鮎川俊介の「幕末・明治の日本を歩く」

渡辺崋山や中江兆民を中心に、幕末・明治の日本を旅行記や古写真、研究書などをもとにして歩き、その取材旅行の報告を行います。

甲州街道を歩く-小仏から藤野まで その最終回

2017-05-15 06:10:31 | Weblog

 

 街道の左側はなだらかな斜面の畑が広がっていて、遠くに集落とその背後の山の重なりが見えます。

 前方で街道はゆるやかに左へとカーブし、竹林のところで右に曲がって消えています。

 間にあるのは畑とその下に人家があって、そこにも生活道である細道が走っています。

 つまり街道は畑や人家などを左手に見下ろしながら山の中腹を走っていて、遠くに山の重なりを見晴るかすという感じであって、広々とした山間部の風景を眺めながら山際に沿って延びていきます。

 人家はかなり下に見える場合もあります。

 甲州街道本道の周囲には田んぼは全くなく、山の斜面に畑が拓かれていて、かつては養蚕業や林業を主体とした生業(なりわい)であったことを示しています。

 そういった沿道風景を眺めながらやがて道を下り、中央道に架かる陸橋を渡ったのが14:32。
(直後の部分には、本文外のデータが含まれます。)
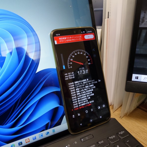 ファンの音をスマホの騒音計アプリで計測してみました。 ネットを見るなど一般的な使い方をしているときは17-20dB程度ですごく静か。ほとんどファンの音が聞こえてきません。
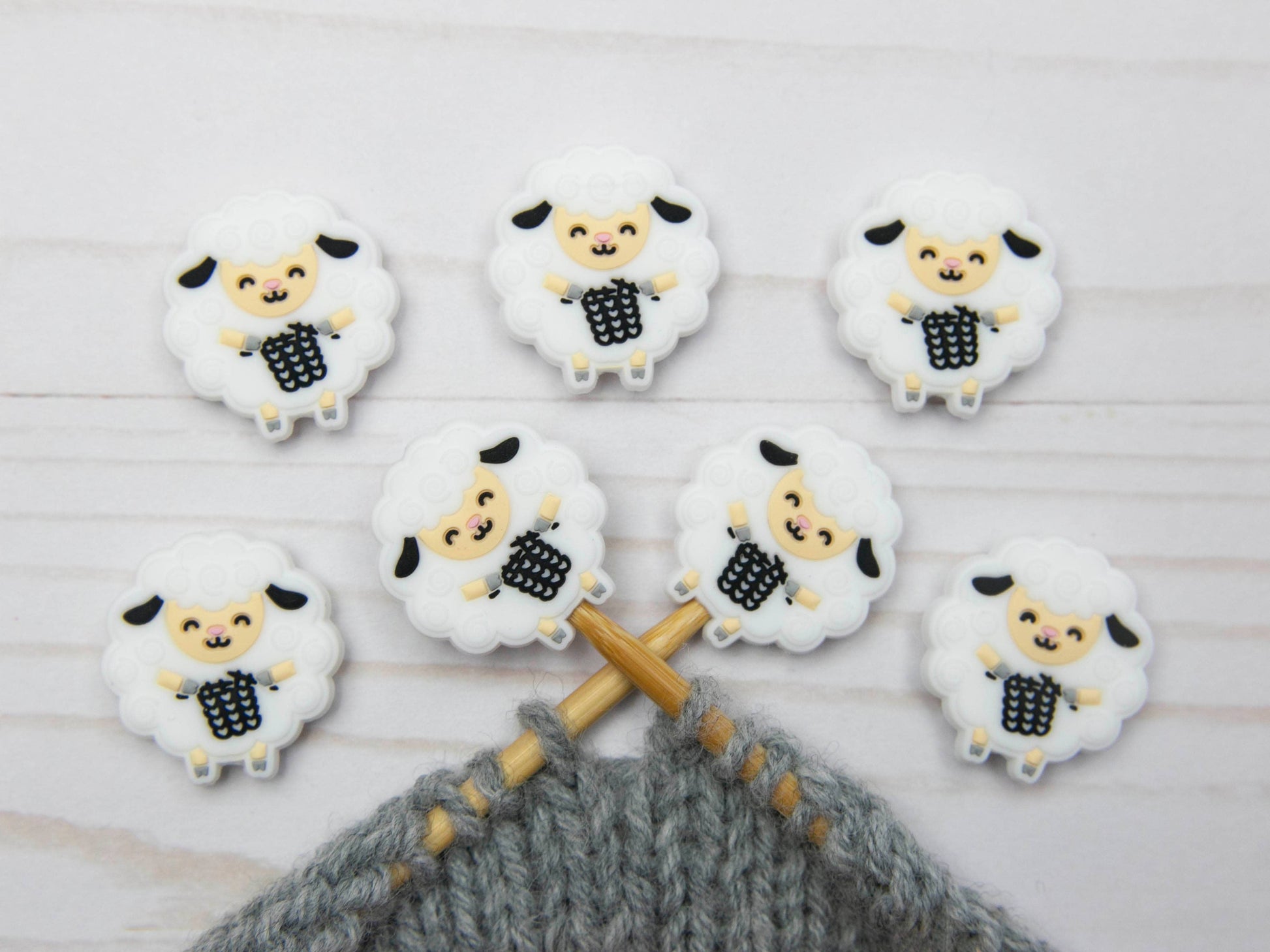 This set of stitch stoppers comes in a pair of two white knitting sheep.
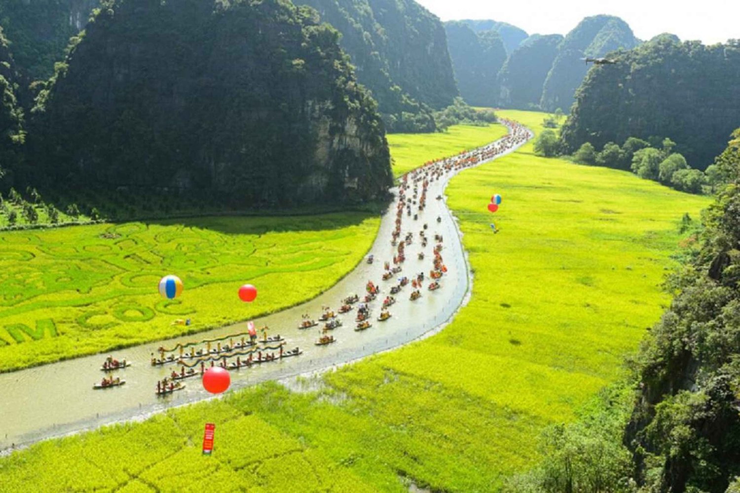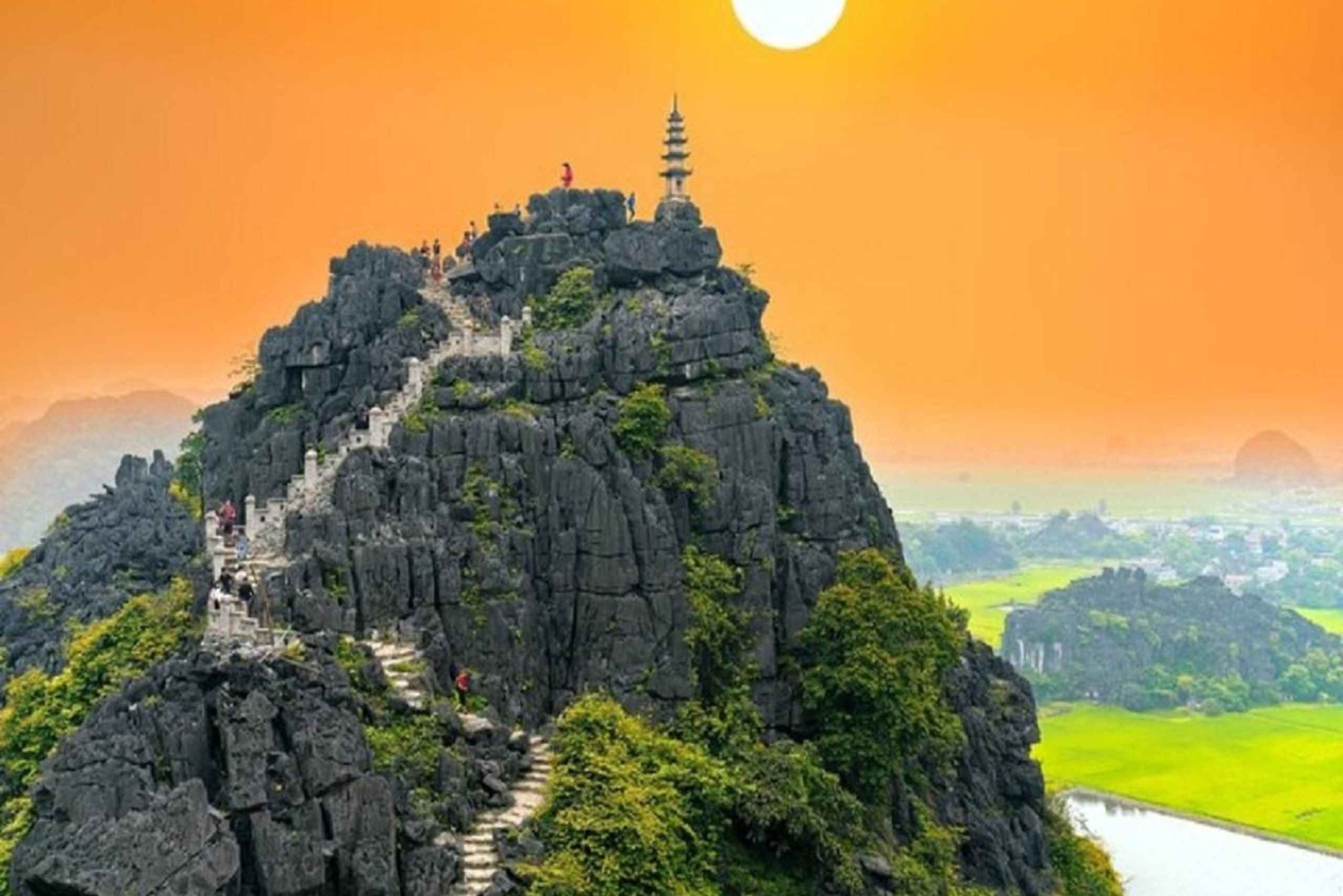 Begin your adventure with a convenient pickup from your hotel in Hanoi. Head to Hoa Lu, the ancient capital of Vietnam, and explore its historic temples and pagodas. Next, hop on a bike and cycle through the stunning landscapes of Ninh Binh, surrounded by majestic limestone mountains. Enjoy a delicious buffet lunch featuring authentic Vietnamese cuisine, with vegetarian options available. After lunch, embark on a 2.5-hour boat ride through the breathtaking Trang An landscape, a UNESCO World Heritage Site. Marvel at the natural beauty of the area as you glide through caves and past towering cliffs. Finally, visit Mua Cave, a must-see destination known for its panoramic views of the surrounding countryside. Climb to the top for a stunning vista before heading back to Hanoi.Includes
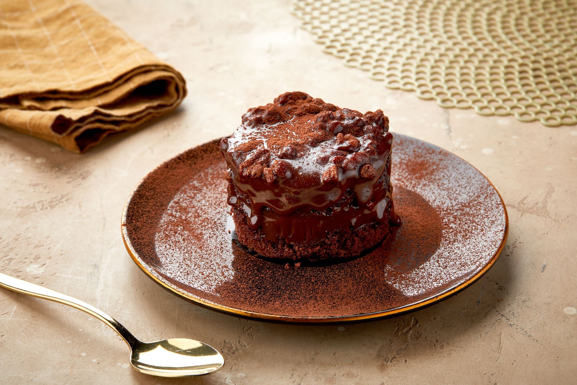 طبقة من كيك الشوكلاته الاسفنجي مزين بالكراميل مع الكرانشي بوبس
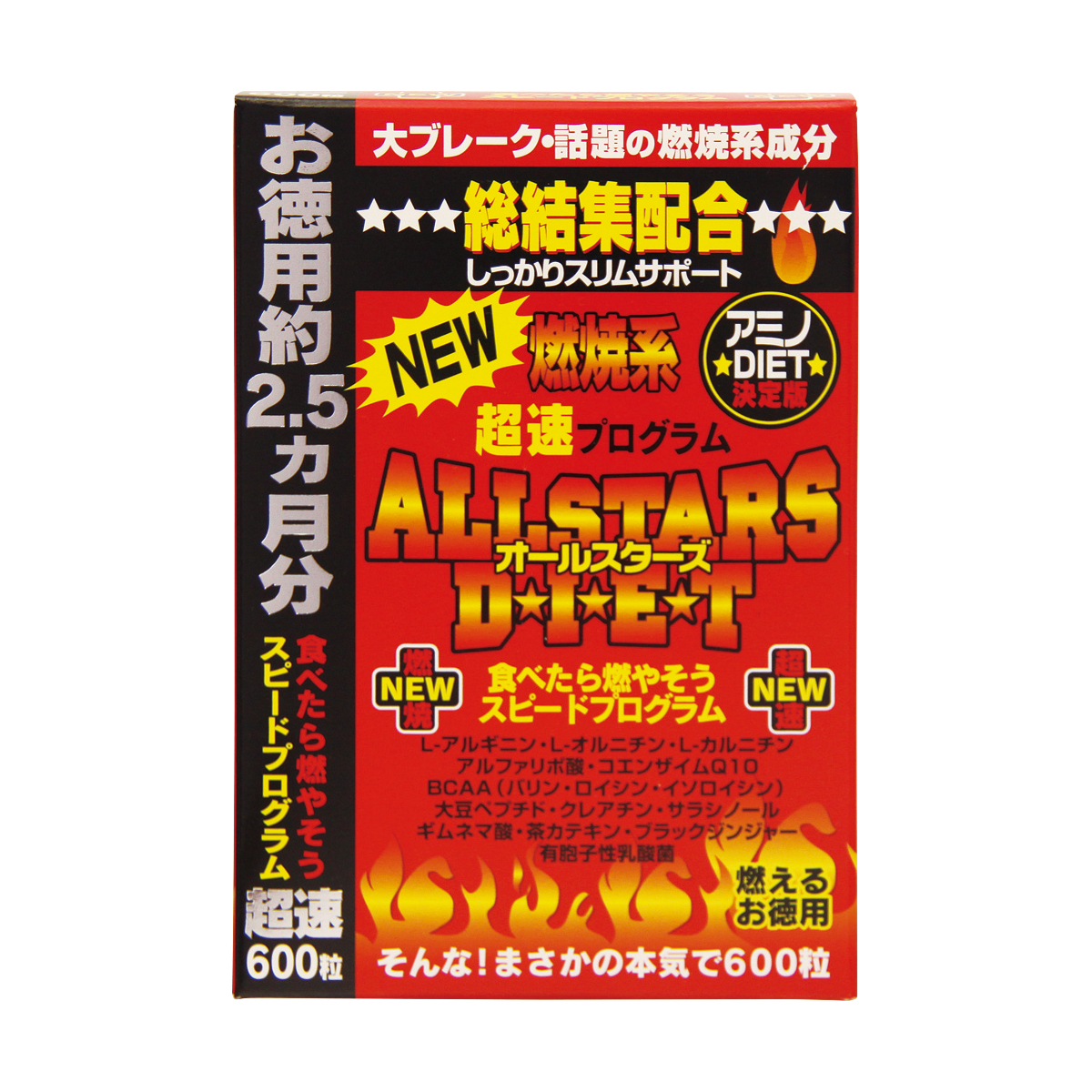 | 乳糖(アメリカ製造)、サラシア、L-オルニチン塩酸塩、L-カルニチン酒石酸塩、クレアチン、大豆ペプチド、ギムネマシルベスタ、ブラックジンジャー、アルファリポ酸、緑茶エキス、有胞子性乳酸菌、コエンザイムQ10/結晶セルロース、L-アルギニン、ステアリン酸カルシウム、微粒二酸化ケイ素、ビタミンC、イソロイシン、バリン、ロイシン、ニコチン酸アミド、ビタミンE、パントテン酸カルシウム、ビタミンB1、ビタミンB6、ビタミンA、葉酸、ビタミンD3、ビタミンB-12(一部に乳成分、大豆を含む) |
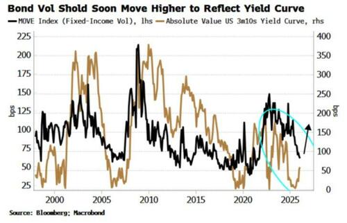 Furthermore, greater fiscal interference in monetary policy will lead to higher volatility, which also points to higher yields. Bond vol has been repressed in part due to an increased preference for funding at the shorter end of the curve. That strategy contains the seeds of its own destruction though: the steeper yield curve that’s likely to result is a volatility machine, as the scope of potential paths between forward and spot rates widens.

 さらに中央本線を渡って「広域避難場所 →1km 藤野中学校」の標示を見たのが14:39。

 まもなく右手に吉野神社が現れました。

 ここで坂を下りていけば国道20号に合流するはずですが、国道の車通りの激しい道は歩きたくなかったので、途中出会った女性に、国道20号以外に藤野駅へ行くことができる道を尋ねると、遠回りになるけれども藤野駅の北にあるトンネルを通って駅へと出る道を教えてくれたので、その道を行くことにしました。

 沢井沢踏切で中央本線を渡ったのが14:52。

 「明王峠 陣馬山」と「藤野駅」への分岐点を示す案内標示があり、「藤野駅」方向へと進みます。

 「日野」のバス停を通過したのが15:12。

 何度か車で通ったことのある幅の狭い沢井隧道を抜けて中央本線の踏切を渡り、右折してJR藤野駅に到着したのは15:28でした。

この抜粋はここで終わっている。